Roberta Fusaro: A saúde mental é prioridade para muita gente, inclusive para Maggie Smith, autora de You Could Make This Place Beautiful.
Maggie Smith: Este livro foi escrito, na verdade, a partir da turbulência do meu divórcio, mas também de outras grandes mudanças na minha vida. Acho que uma das histórias cruéis que costumamos contar a nós mesmos é: “ok, o que é a minha vida agora? A vida como eu a conheço acabou. Como é que eu vim parar aqui?”. A resposta para isso precisa ser: “ok, foi assim que cheguei aqui, mas para onde estou indo agora?”. Acho que fazer as pazes com o passado nos ajuda a viver mais com as possibilidades do presente e as possibilidades do futuro.
Acho que fazer as pazes com o passado nos ajuda a viver mais com as possibilidades do presente e as possibilidades do futuro.
Há uma espécie de narrativa de que precisamos perdoar as pessoas que achamos que nos fizeram mal. Concordo com isso e, no entanto, acho que há uma diferença entre perdoar alguém de fato e apenas ser capaz de chegar a um estado de maior paz e aceitação do que aconteceu. Parte disso também consiste em assumir as suas responsabilidades. Com isso, quero dizer que todos os relacionamentos, todos os sistemas, seja um relacionamento de trabalho, seja uma família, seja um casamento, todos esses relacionamentos e sistemas são criados em conjunto.
Também temos que assumir nossa parte na criação desse ambiente. Temos que nos perdoar e aceitar que o que está feito está feito.
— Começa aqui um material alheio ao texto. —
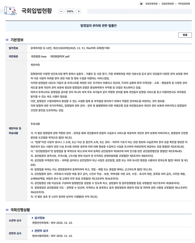 ![]() 1. 법률안 개요 본 법률안은 국회 의안정보시스템에 등록된 공식 입법안으로, 언론 기사나 보도자료가 아닌 실제 발의된 법률안입니다. 2. 법률안의 주요 취지본 법률안은 현재 법적 제도 미비 상태에 놓여 있는 **탐정업(민간조사업)**에 대해 3. 주요 내용 (요약)법률안에는 다음과 같은 사항들이 포함되어 있습니다.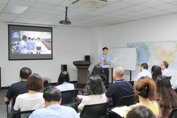 研發顧問王銘正高工對我司參與研制神舟飛船產品的歷史進行了講解,講述了研發初期大家團結一心,克服了種種困難,分享了見證國家載人航天任務成功完成的喜悅。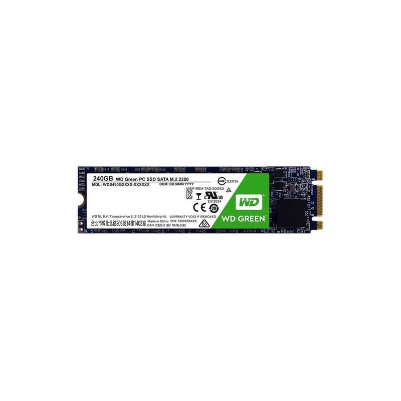 Western Digital Green. Disco de estado sólido, capacidad: 240 GB, Interfaces de disco de estado sólido: Serial ATA III, Velocidad de lectura: 540 MB/s. Factor de forma de disco SSD: M.2, Certificación: FCC, UL, TUV, KC, BSMI, VCCI. Ancho: 80 mm, Profundidad: 22 mm, Altura: 1,5 mm

É descobrir como podemos aprender com isso e depois seguir em frente com mais sabedoria para tomar algumas decisões diferentes hoje e no futuro.
Agora, o que eu tenho que fazer para me recompor, viver de acordo com o que é importante para mim, lembrar quem eu sou e manter contato com a minha comunidade? Acho que todas essas são coisas que temos que fazer. Na minha visão, a mudança é a única constante. Somos todos seres humanos e todos estamos lidando com isso de várias maneiras na vida
Acho que toda literatura é uma espécie de autoajuda e é instrutiva de alguma forma. Pelo menos no meu caso, os livros me fazem sentir menos sozinha, mesmo que a experiência do escritor não seja a minha experiência. Quando leio, me sinto livre para entrar na vida dele e vejo como ele segurou a barra, como sofreu, como foi sua experiência. Ao fazer isso, sinto que estou sendo vista.
Então, com relação a este livro, se estou pensando em processar eventos difíceis, ruminação e memória, tudo isso acontece de maneira não linear. Costuma acontecer em pedaços. A memória é associativa, não linear. Quando vemos algo, isso nos lembra de outra coisa, que então ressoa e nos lembra de outra coisa, e assim por diante. Em geral, está mais para uma colagem do que para algo cronológico. Portanto, a estrutura do livro teve a intenção não apenas de contar a história, mas de dar ao leitor uma noção de como a maioria das pessoas sentiu a experiência.
Alerta de spoiler: não saí deste livro com todas as respostas. Nunca temos acesso a todas as respostas.